These seven HiRISE images were acquired between August 12, 2012 and January 13, 2013, and show distinct changes in the parachute (at bottom, attached to the backshell at top). In the first four images there are only subtle changes, perhaps explained by differences in viewing and illumination geometry.
Sometime between September 8, 2012 and November 30, 2012, there was a major change in which the parachute extension to the southeast (lower right) was moved inward, so the parachute covers a smaller area. In the same time interval some of the dark ejecta around the backshell brightened, perhaps from deposition of airborne dust.
Another change happened between December 16, 2012 and January 13, 2013, when the parachute shifted a bit to the southeast. This type of motion may kick off dust and keep parachutes on the surface bright, to help explain why the parachute from Viking 1 (landed in 1976) remains detectable.

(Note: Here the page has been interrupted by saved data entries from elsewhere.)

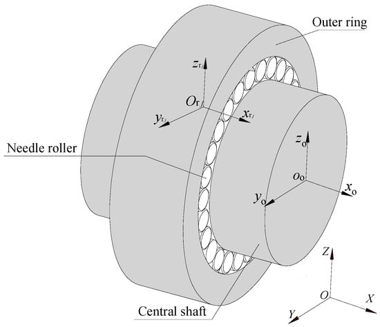When the bearing is working, the central shaft is fixed. Therefore, it is assumed that the central shaft is connected with the ground in the dynamic analysis, and only the outer ring rotates together with the action of the cam. The axis of rotation is along the X direction. The center of mass of each component coincides with the center of gravity, and the surface of the component is an ideal surface. In order to establish a dynamic model of the bearing, the following three coordinate systems, shown in in Figure 1, were defined: is a fixed coordinate system; is a coordinate system of the outer ring; and is the center of the mass coordinates of the needles.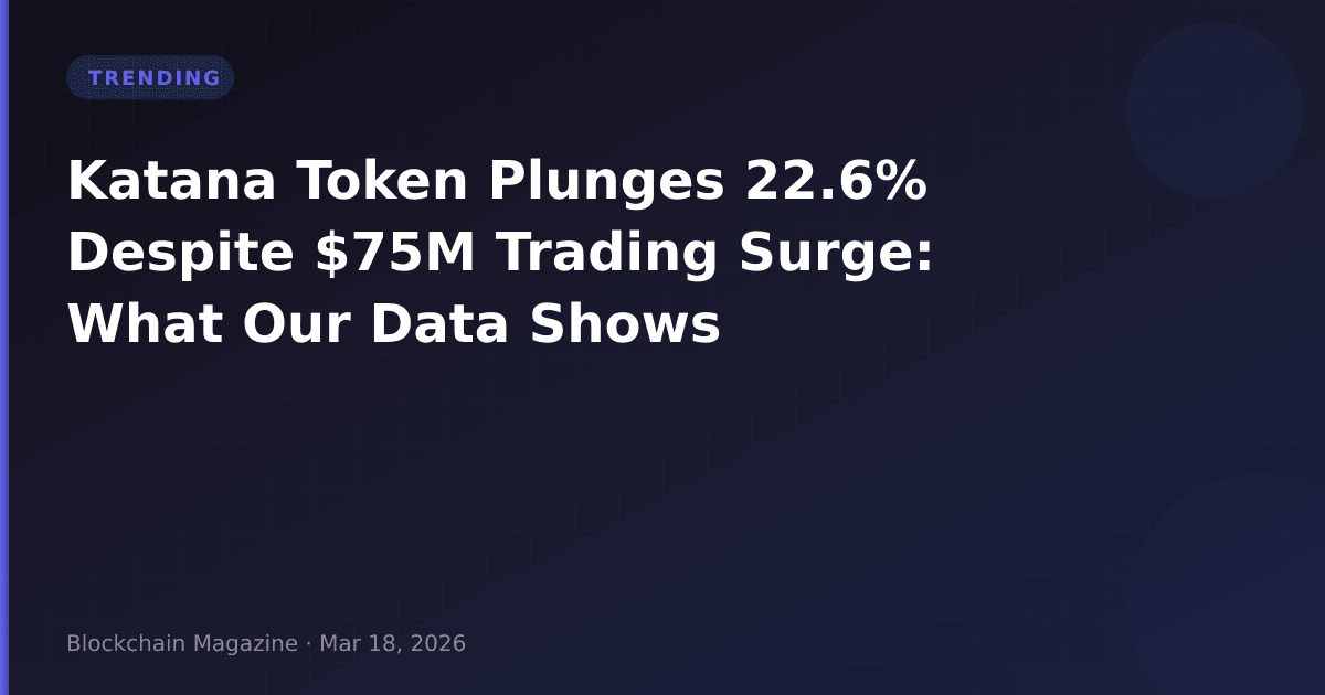 Katana (KAT) has emerged as one of today’s most-discussed cryptocurrencies, but not for reasons holders would celebrate. Our analysis reveals the token experienced a precipitous 22.6% decline over the past 24 hours, dropping to $0.01247 while simultaneously recording an extraordinary $75.5 million in trading volume—a figure that dwarfs its $29.4 million market capitalization by a ratio of 2.57:1.
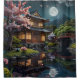 Diese ruhige japanische Landschaft entfaltet sich um einen ruhigen Teich, wo die sanften Wellen die majestätischen Berge in der Ferne widerspiegeln. Die Szene wird von zarten rosa Blüten umrahmt, deren lebhafte Farben sich wunderbar mit den sanften Farbtönen des Wassers kontrastieren. Eine traditionelle Holzbrücke geht sanft über den Teich und lädt zur Besinnung und Harmonie mit der Natur ein. Die Kulisse der mächtigen Berge verleiht dem Ganzen ein Gefühl von Pracht, während die blühenden Kirschbäume eine frische Schönheit verleihen. Diese malerische Umgebung spiegelt das Wesen der Ruhe und die vergängliche Natur des Lebens wider, was eine tiefe Wertschätzung für die Einfachheit der Natur hervorruft.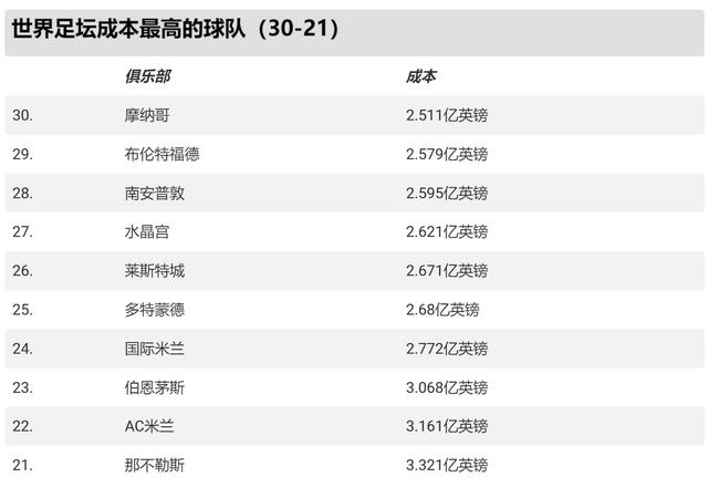 在这份榜单中,排名第一。 30 他们的阵容建设成本是摩纳哥。 2.511 1亿英镑,紧跟这支法甲球队后,是由布伦特福德、南安普顿、水晶宫和莱斯特城组成的英超联赛半决赛。如果纯粹是从球队的成本来看,他们可以在欧洲比赛中获得资格,但现在他们只能努力晋级。排名第 25 德甲雄师多特蒙德,他们的阵容建立费用是多特蒙德 2.68 亿英镑。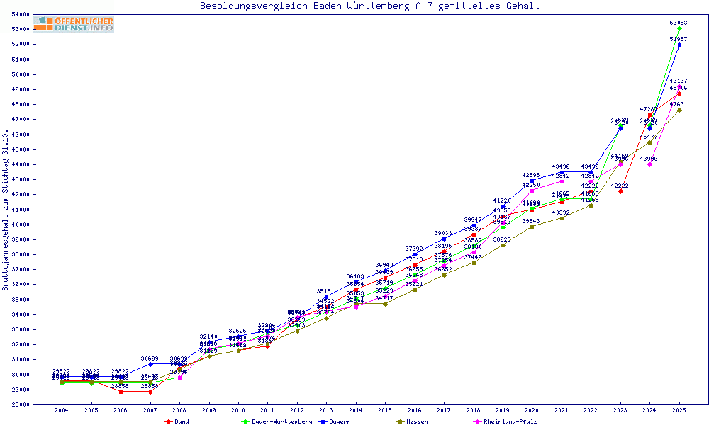 | Besoldungsvergleich A 7 im Jahr 2025 | gemitteltes Gehalt | ||||||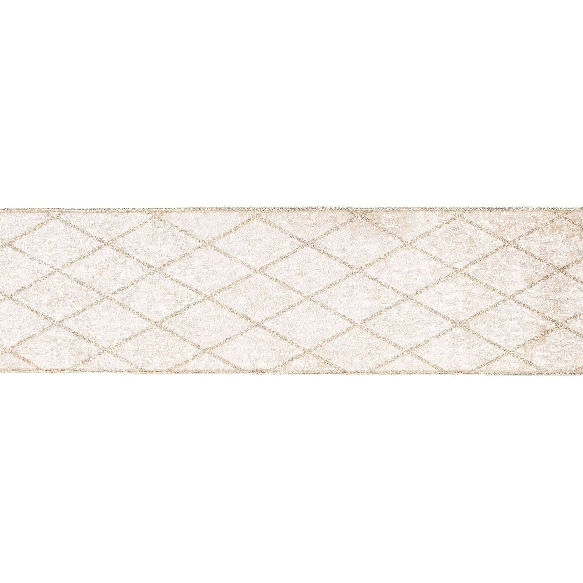 * Elegant 4" champagne crushed velvet ribbon with a shimmering gold glitter diamond pattern for a luxurious touch.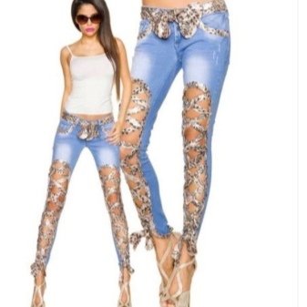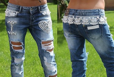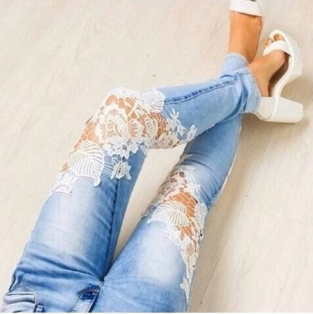 Jeans decorated with lace, only recently began to conquer the world famous catwalks, and many fashionistas liked it. Lace is found on the belt or in the knees.Jeans decorated with lace look elegant and stylish, so they can be used to embody a bow for a romantic date, or for every day.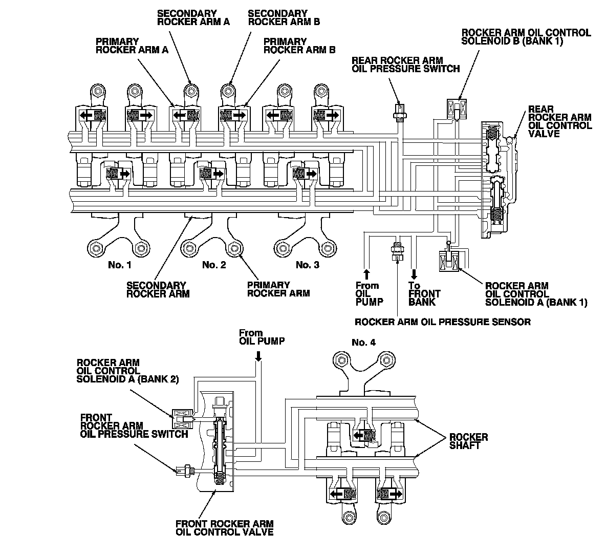 With rocker arm oil control solenoid A (Bank 1) and A (Bank 2) turned on by PCM, the front and rear rocker arm oil control valves switch the oil pressure. Oil pressure then enters the No. 3 and No. 4 cylinder's primary rocker arm from the oil passage in the rocker shaft, causing the VTEC switching piston to slide into the secondary rocker arm and against the return spring. This disengages the primary rocker arm from the secondary rocker arm to stop valve activation. The No. 3 and No. 4 cylinder's rocker arms do not move, and No. 3 and No. 4 cylinders are paused. In the other four cylinders, oil pressure from the front and rear rocker arm oil control valves lock the primary rocker arm and secondary rocker arm together. The rocker arms are moved by the camshaft, and the four cylinders are active.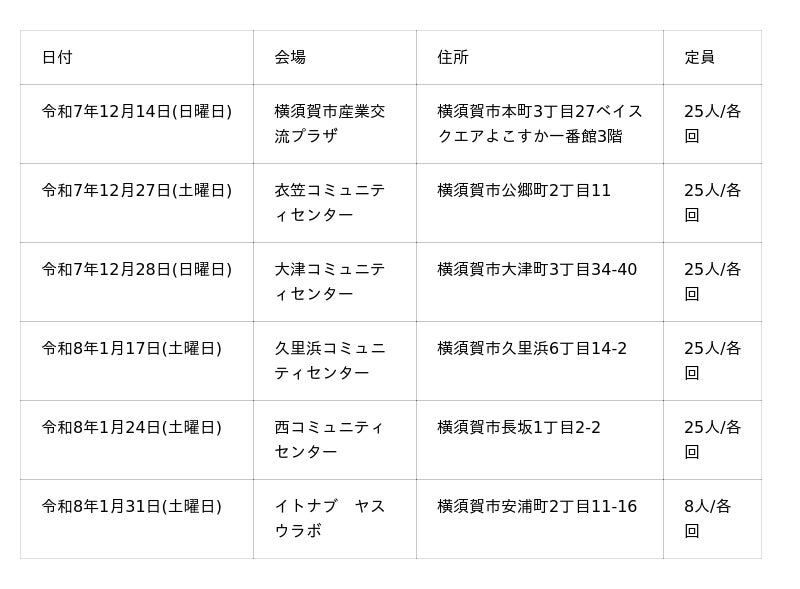 ・対象: 横須賀市内在住または在学の小学4年生~高校3年生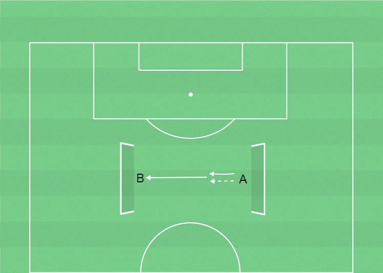 Alternativt kan A rulla bollen mot B som skjuter mot A.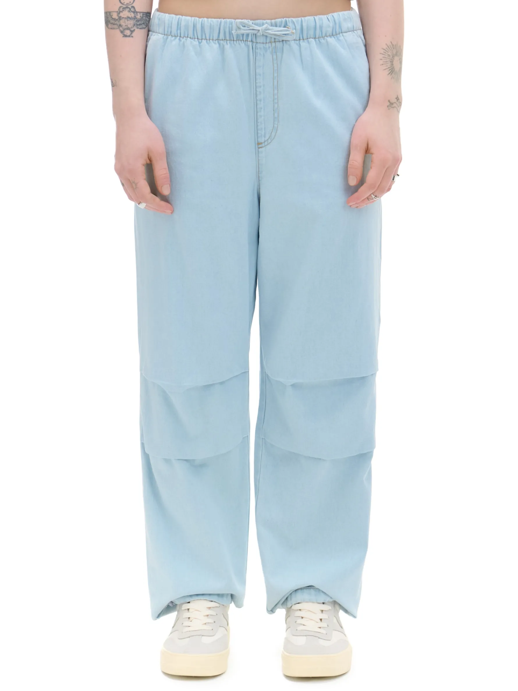 Damskie spodnie jeansowe o swobodnym fasonie parachute, uszyte z bawełny. W pasie gumka i sznurek do regulacji, boczne kieszenie, szeroka nogawka z regulacją u dołu.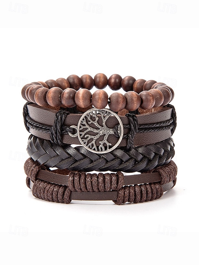 Conjunto de pulseiras masculinas multicamadas de couro genuíno – pulseira de punho de árvore da vida com contas boho para uso casual, festa e viagem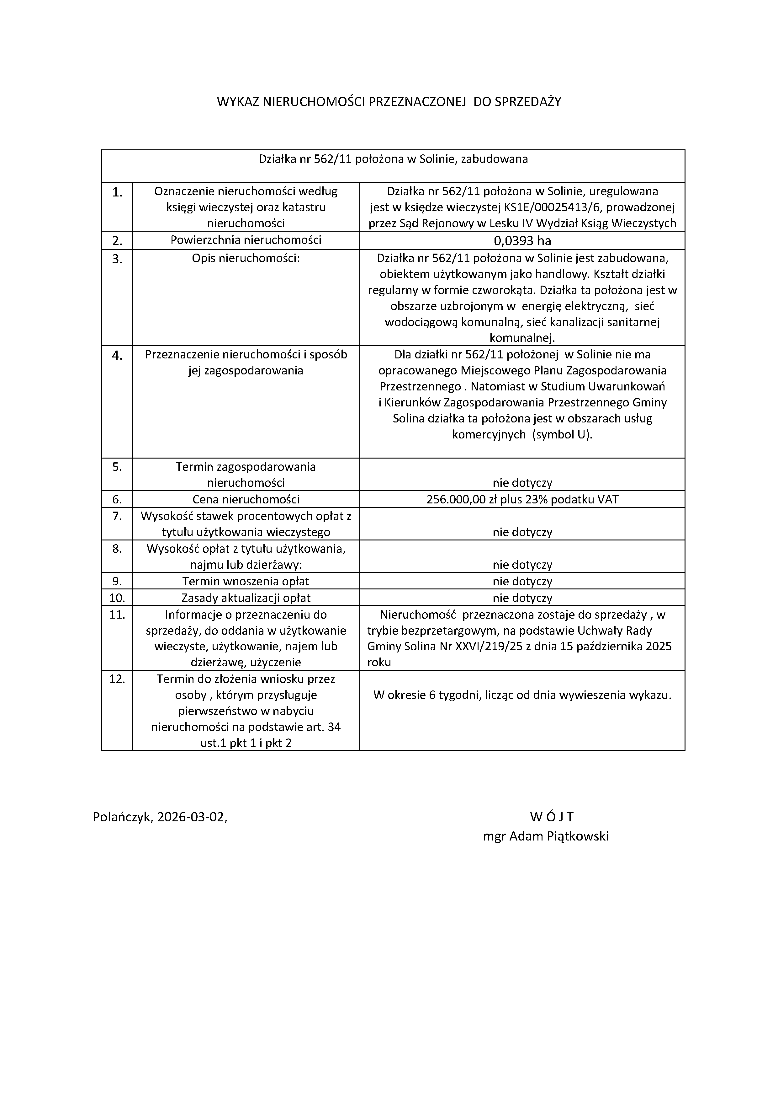 Wykaz nieruchomości przeznaczonej do sprzedaży
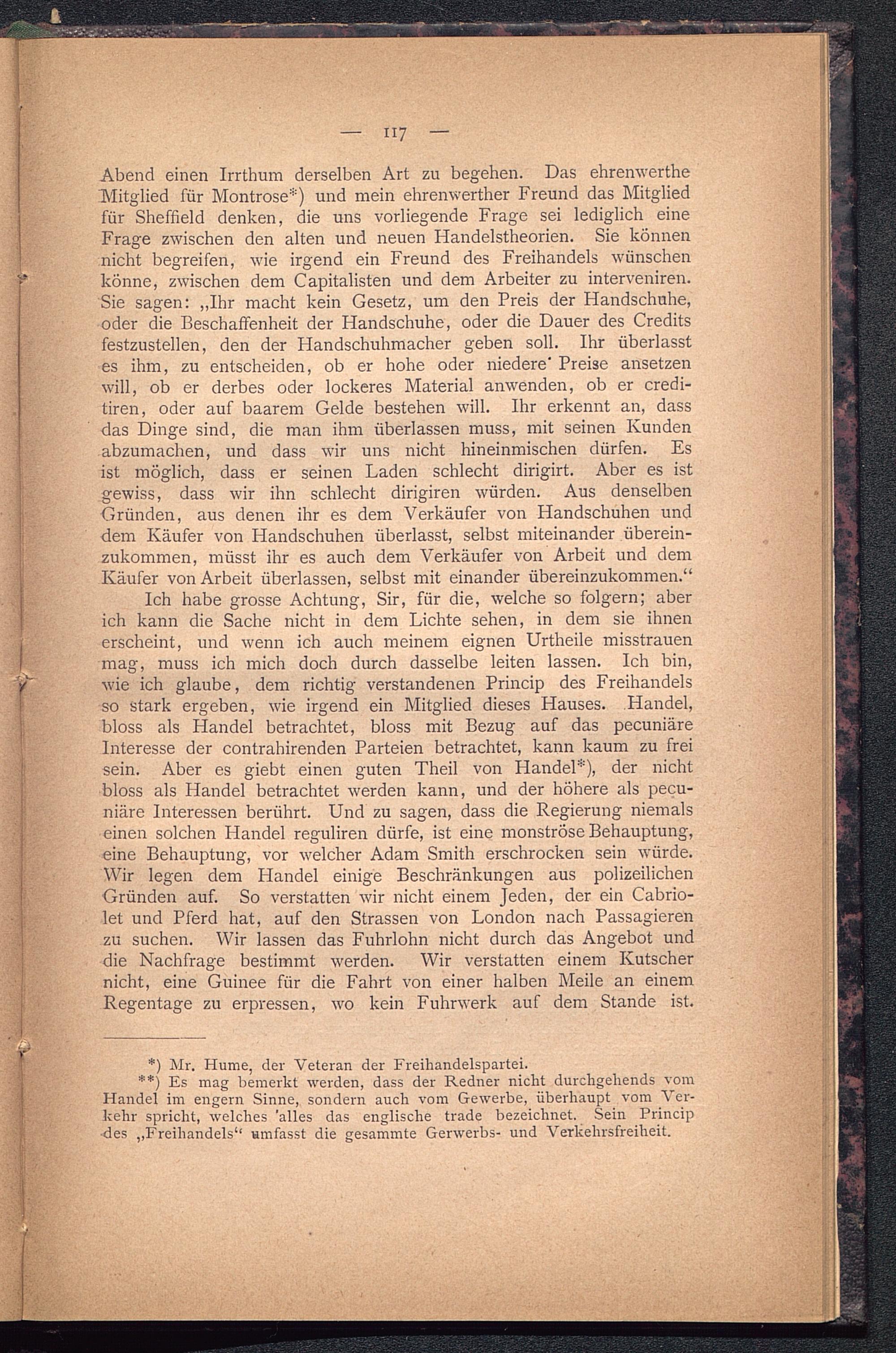 *) Mr, Hume, der Veteran der Freihandelspartei.

The parachute is the largest one of its kind ever constructed, coming in about 65 feet in diameter (you can see a scale here, courtesy JPL) The gap between the white and orange-hued sections prevented the chute from becoming torn during the descent phase.
You can also see a 3D view of the parachute on the ground here. The parachute’s suspension lines were made from Technora, with a fiber similar to Kevlar. The color is a creamy yellow, which is why they are not visible in the images such as those in the Phoenix lander descent image which were white.